Choosing to work with halogenated, fluorinated alcohols requires a certain pragmatism. My own career, moving from academic research to industry consulting, taught me the value of balancing short-term lab wins with a long view on environmental stewardship. That means keeping a sharp eye on obsolescence, regulatory shifts, and advances in chemistry that hint at possible improvements. If a safer, cleaner, or more sustainable alternative emerges, responsible teams weigh the benefits quickly and act decisively. For now, though, 4-Bromo-3,3,4,4-tetrafluoro-1-butanol delivers a blend of reactivity and durability that few other building blocks can match.

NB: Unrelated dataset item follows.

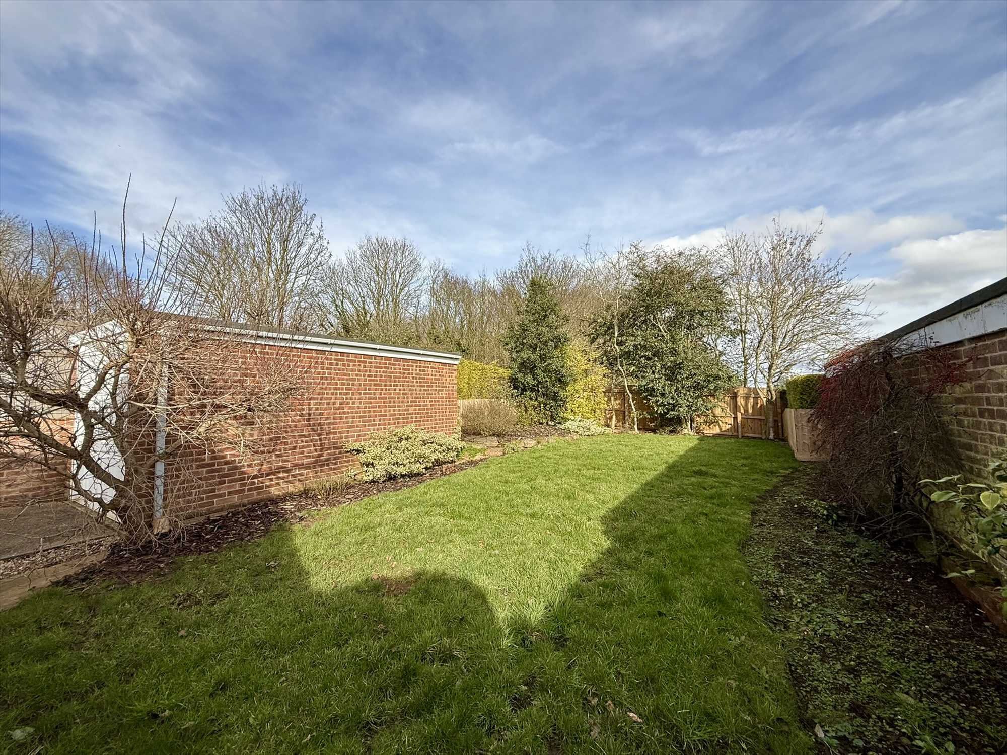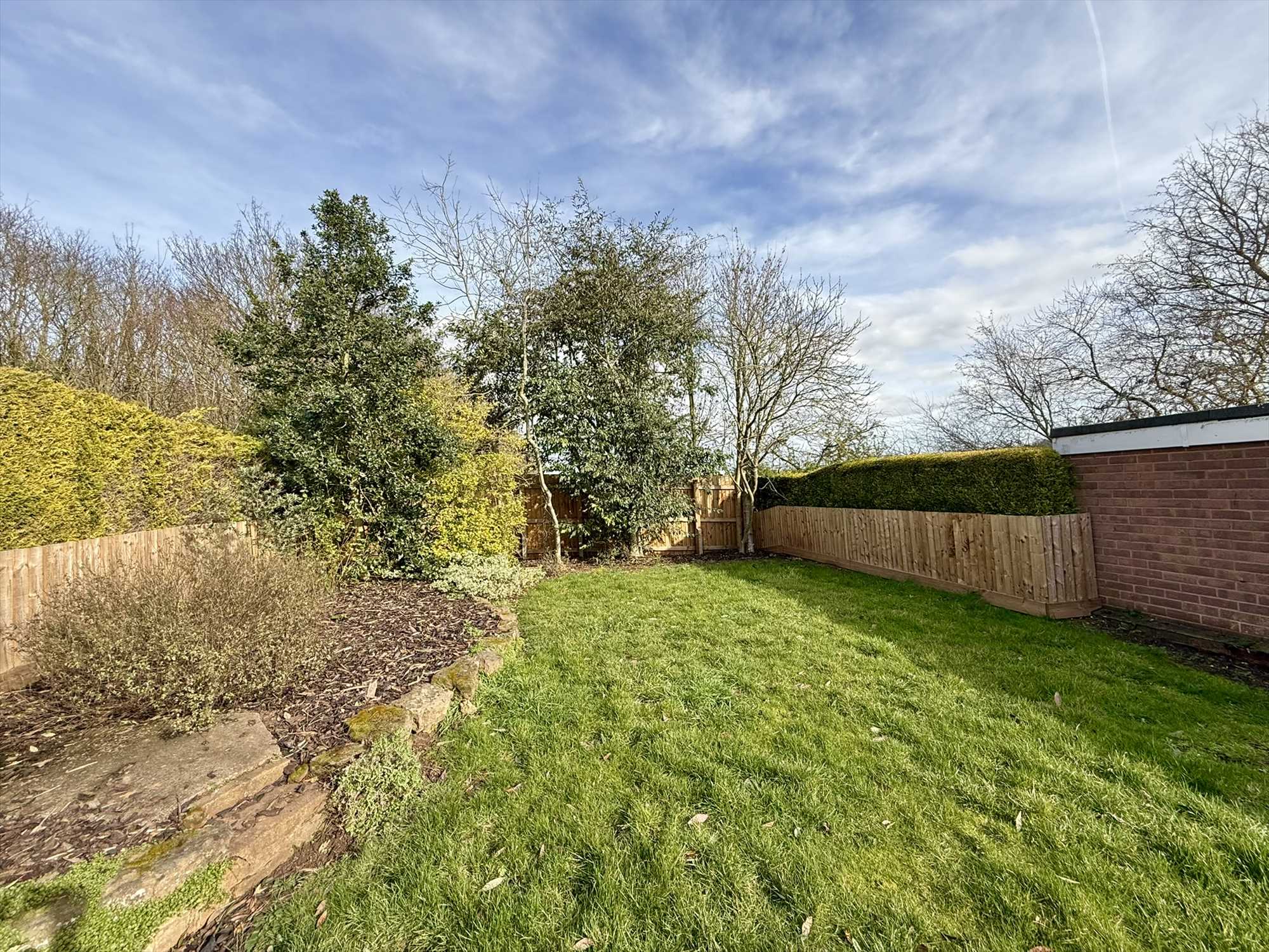 To the rear of the property lies a beautifully maintained garden, predominantly laid to lawn and complemented by a variety of established perennial shrubs, mature trees, and attractive timber fencing. A thoughtfully positioned patio area offers an ideal space for outdoor dining and entertaining.

As global demand for precision chemicals ramps up, scrutiny and innovation move in tandem. 4-Bromo-3,3,4,4-tetrafluoro-1-butanol looks primed for steady use in tightly controlled settings where its unique chemistry makes a difference—pharmaceutical intermediates, advanced material starts, and possibly the next generation of custom-built molecules for farming, medicine, and technology. My years in labs and plant floors tell me the next chapter depends not just on what the molecule does, but on how thoughtfully it’s managed. Training, rigorous process design, smart regulation, and open channels between suppliers and users chart a responsible future for specialty materials.
For all its chemical strength, the most important lesson is one of human care—respecting every stage of the journey, from synthesis to safe disposal. 4-Bromo-3,3,4,4-tetrafluoro-1-butanol doesn’t replace traditional building blocks, but it does redefine what’s possible in fields that need precision, resilience, and just the right touch of synthetic creativity.